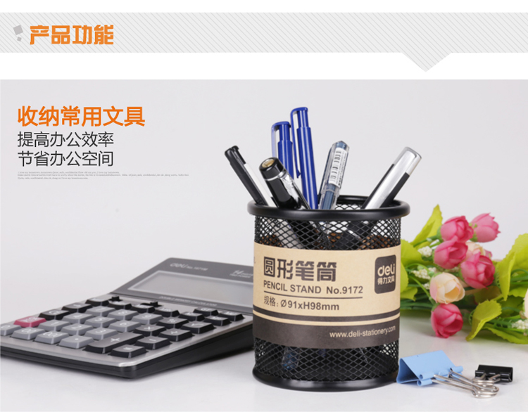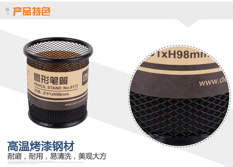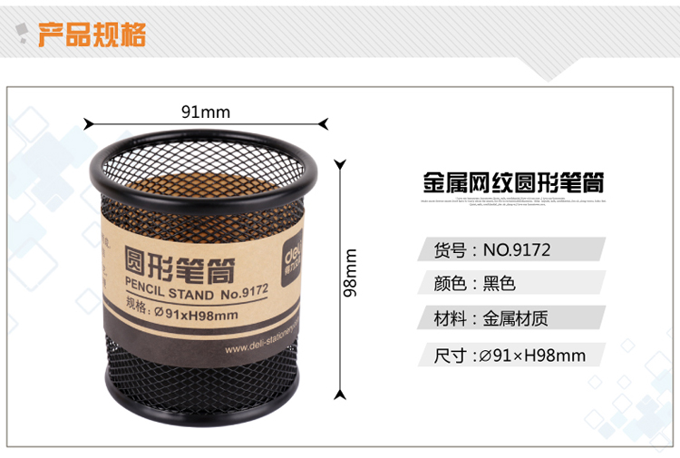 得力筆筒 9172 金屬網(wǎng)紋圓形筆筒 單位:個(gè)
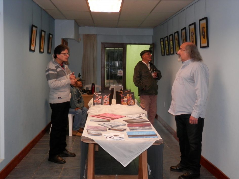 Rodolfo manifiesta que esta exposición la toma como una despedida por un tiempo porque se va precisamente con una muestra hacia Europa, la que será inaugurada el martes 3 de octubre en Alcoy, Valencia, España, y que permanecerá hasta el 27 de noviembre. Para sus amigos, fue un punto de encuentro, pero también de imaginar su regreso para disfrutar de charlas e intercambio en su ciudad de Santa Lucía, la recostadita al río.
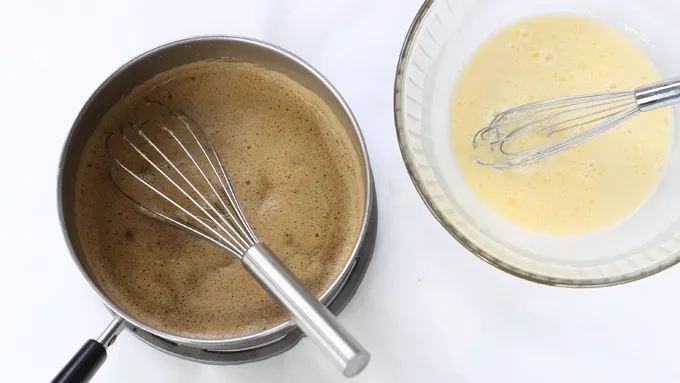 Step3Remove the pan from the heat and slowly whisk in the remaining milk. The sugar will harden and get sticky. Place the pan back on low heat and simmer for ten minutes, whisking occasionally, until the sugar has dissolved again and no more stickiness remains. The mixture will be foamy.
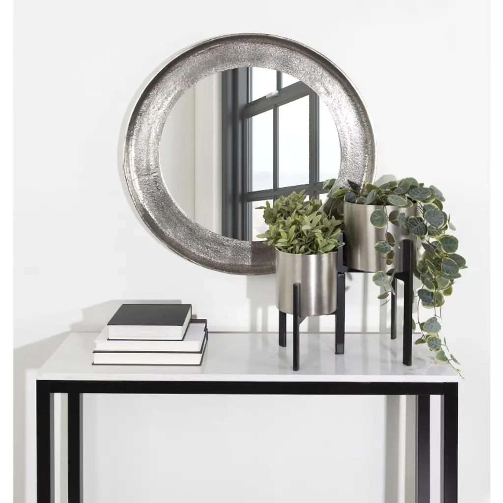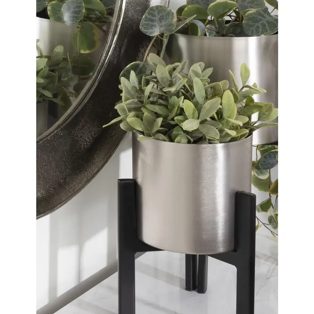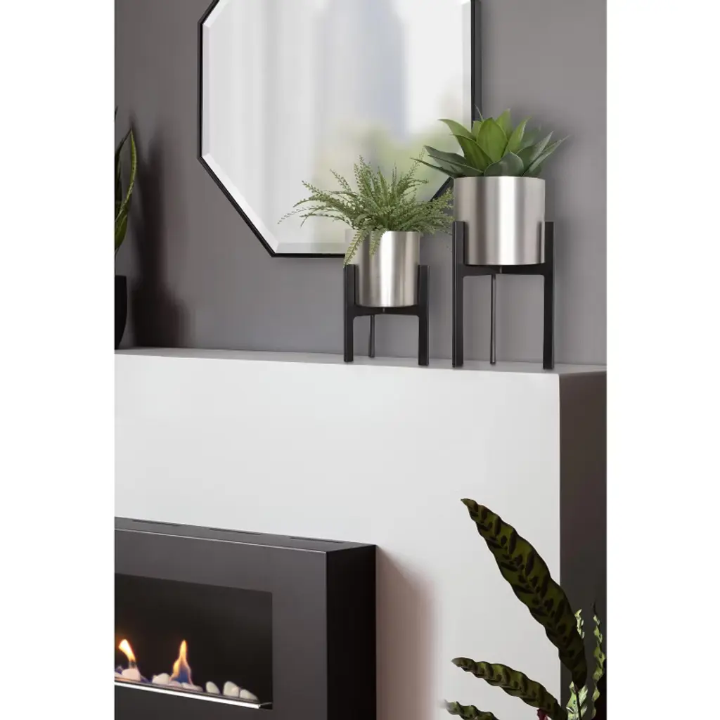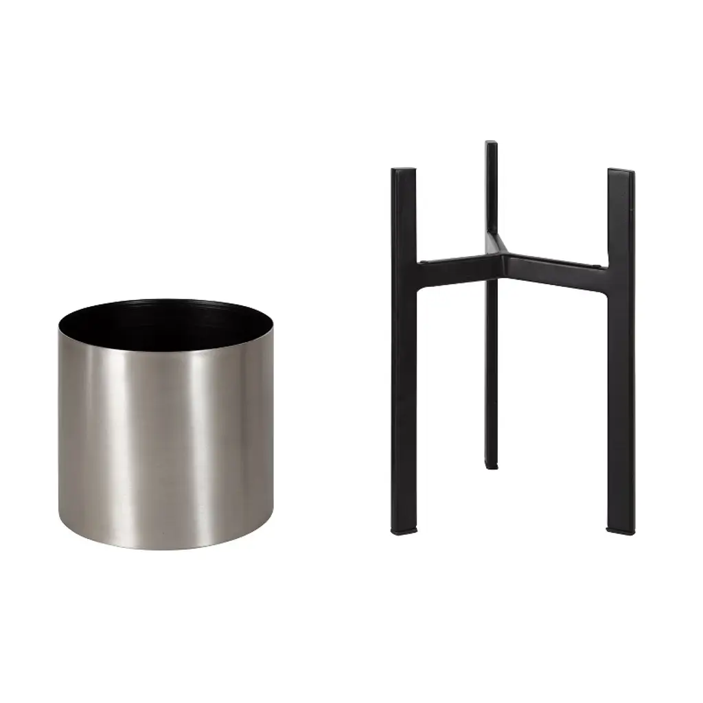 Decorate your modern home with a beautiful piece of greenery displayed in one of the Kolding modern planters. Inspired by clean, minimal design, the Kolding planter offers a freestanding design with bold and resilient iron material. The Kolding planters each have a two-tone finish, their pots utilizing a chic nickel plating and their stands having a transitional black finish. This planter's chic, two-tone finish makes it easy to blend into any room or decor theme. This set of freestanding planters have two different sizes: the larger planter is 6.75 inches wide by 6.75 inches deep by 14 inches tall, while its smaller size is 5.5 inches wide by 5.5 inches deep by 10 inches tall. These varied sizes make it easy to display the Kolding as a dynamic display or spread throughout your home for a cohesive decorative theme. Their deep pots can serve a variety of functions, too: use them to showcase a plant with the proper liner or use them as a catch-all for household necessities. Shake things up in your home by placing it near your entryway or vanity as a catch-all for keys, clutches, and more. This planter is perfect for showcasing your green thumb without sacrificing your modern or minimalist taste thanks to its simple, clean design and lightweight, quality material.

----------------

**Exercise prompt**
Reproduce, word for word, everything in the listing above from the line containing "Rodolfo manifiesta que" down to the line containing "Step3Remove the pan", both of them included. No pictures.

**Solution to the exercise**
 Rodolfo manifiesta que esta exposición la toma como una despedida por un tiempo porque se va precisamente con una muestra hacia Europa, la que será inaugurada el martes 3 de octubre en Alcoy, Valencia, España, y que permanecerá hasta el 27 de noviembre. Para sus amigos, fue un punto de encuentro, pero también de imaginar su regreso para disfrutar de charlas e intercambio en su ciudad de Santa Lucía, la recostadita al río.
 Step3Remove the pan from the heat and slowly whisk in the remaining milk. The sugar will harden and get sticky. Place the pan back on low heat and simmer for ten minutes, whisking occasionally, until the sugar has dissolved again and no more stickiness remains. The mixture will be foamy.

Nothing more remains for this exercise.